I had nothing left to say. I fell back in my chair and gazed at the
colonel, who was now employed in lighting a cigarette. At the same
moment a sound of rapid wheels struck on my ears. Then I heard the
sweet, clear voice I knew so well saying:

"I'll just disturb him for a moment, Mr. Jones. I want him to tear
himself from work for a day, and come for a ride."

She opened my door, and came swiftly in. On seeing the colonel she
took in the position, and said to that gentleman:

"Have you told him?"

"I have just done so, signorina," he replied.

I had not energy enough to greet her; so she also sat down uninvited,
and took off her gloves--not lazily, like the colonel, but with an air
as though she would, if a man, take off her coat, to meet the crisis
more energetically.

At last I said, with conviction:

"He's a wonderful man! How did you find it out, colonel?"

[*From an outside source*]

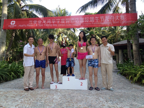 粽香飘逸、龙舟竞技,2014年亚龙湾华宇度假酒店端午龙舟大赛在一号游泳池开赛。来自酒店的26位客人在泳池内击水竞渡,欢度传统端午佳节。
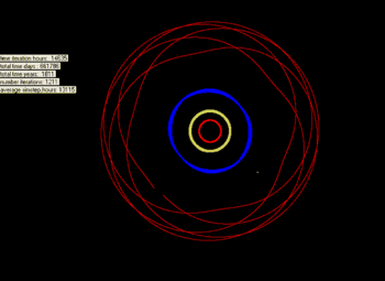 Simulations by Lykawka in 2007 show that (182294) 2001 KU76 is librating in the 11:6 resonance with Neptune.[2][3] This is the same resonance that dwarf planet Makemake is either near or in.[5] Both objects have a semi-major axis of 45 AU and an orbital period of about 302 years.

"Had Johnny Carr to dine and made him drunk," said that worthy.

"You don't mean he trusted Johnny?"

"Odd, isn't it?" said the colonel. "With his experience, too. He might
have known Johnny was an ass. I suppose there was no one else."

"He knew," said the signorina, "anyone else in the place would betray
him; he knew Johnny wouldn't if he could help it. He underrated your
powers, colonel."

"Well," said I, "I can't help it, can I? My directors will lose. The
bondholders will lose. But how does it hurt me?"

The colonel and the signorina both smiled gently.

"You do it very well, Martin," said the former, "but it will save time
if I state that both Signorina Nugent and myself are possessed of
the details regarding the--" (The colonel paused, and stroked his
mustache.)

"The second loan," said the signorina.

I was less surprised at this, recollecting certain conversations.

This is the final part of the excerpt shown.